(Source material):
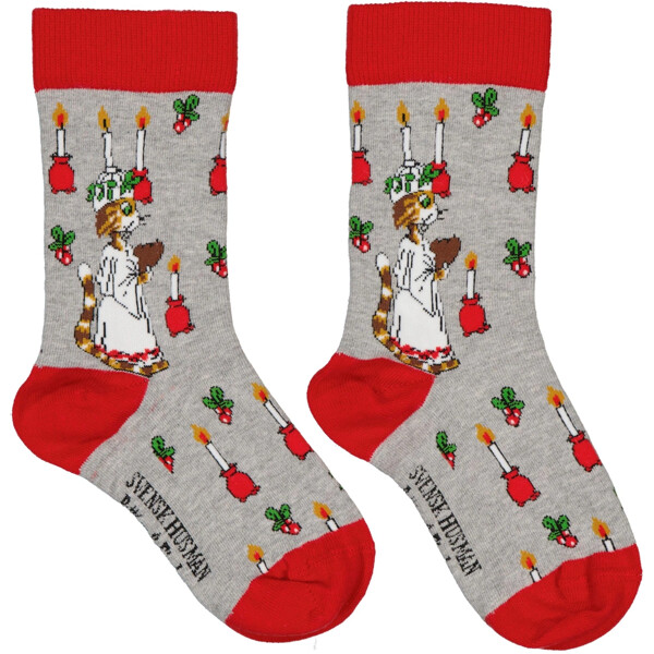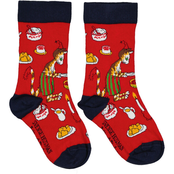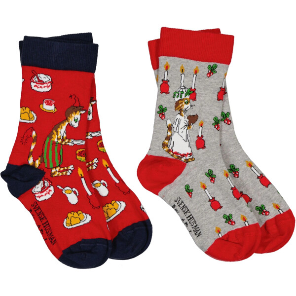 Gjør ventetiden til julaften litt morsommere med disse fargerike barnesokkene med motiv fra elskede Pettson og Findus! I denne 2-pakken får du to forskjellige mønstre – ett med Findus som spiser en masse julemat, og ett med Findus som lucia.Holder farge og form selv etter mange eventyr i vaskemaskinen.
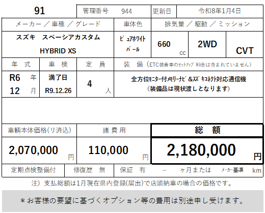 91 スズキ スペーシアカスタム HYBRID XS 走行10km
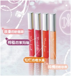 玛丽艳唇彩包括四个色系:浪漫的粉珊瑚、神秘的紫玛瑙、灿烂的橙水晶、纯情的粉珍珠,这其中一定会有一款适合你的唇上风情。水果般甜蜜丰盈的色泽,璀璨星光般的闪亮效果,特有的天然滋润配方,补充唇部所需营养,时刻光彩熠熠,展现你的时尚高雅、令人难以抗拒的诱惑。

(To do):
From the first line to the last, retype the data exactly, but omit every image.

(Answer to this problem):
 Gjør ventetiden til julaften litt morsommere med disse fargerike barnesokkene med motiv fra elskede Pettson og Findus! I denne 2-pakken får du to forskjellige mønstre – ett med Findus som spiser en masse julemat, og ett med Findus som lucia.Holder farge og form selv etter mange eventyr i vaskemaskinen.
 91 スズキ スペーシアカスタム HYBRID XS 走行10km
 玛丽艳唇彩包括四个色系:浪漫的粉珊瑚、神秘的紫玛瑙、灿烂的橙水晶、纯情的粉珍珠,这其中一定会有一款适合你的唇上风情。水果般甜蜜丰盈的色泽,璀璨星光般的闪亮效果,特有的天然滋润配方,补充唇部所需营养,时刻光彩熠熠,展现你的时尚高雅、令人难以抗拒的诱惑。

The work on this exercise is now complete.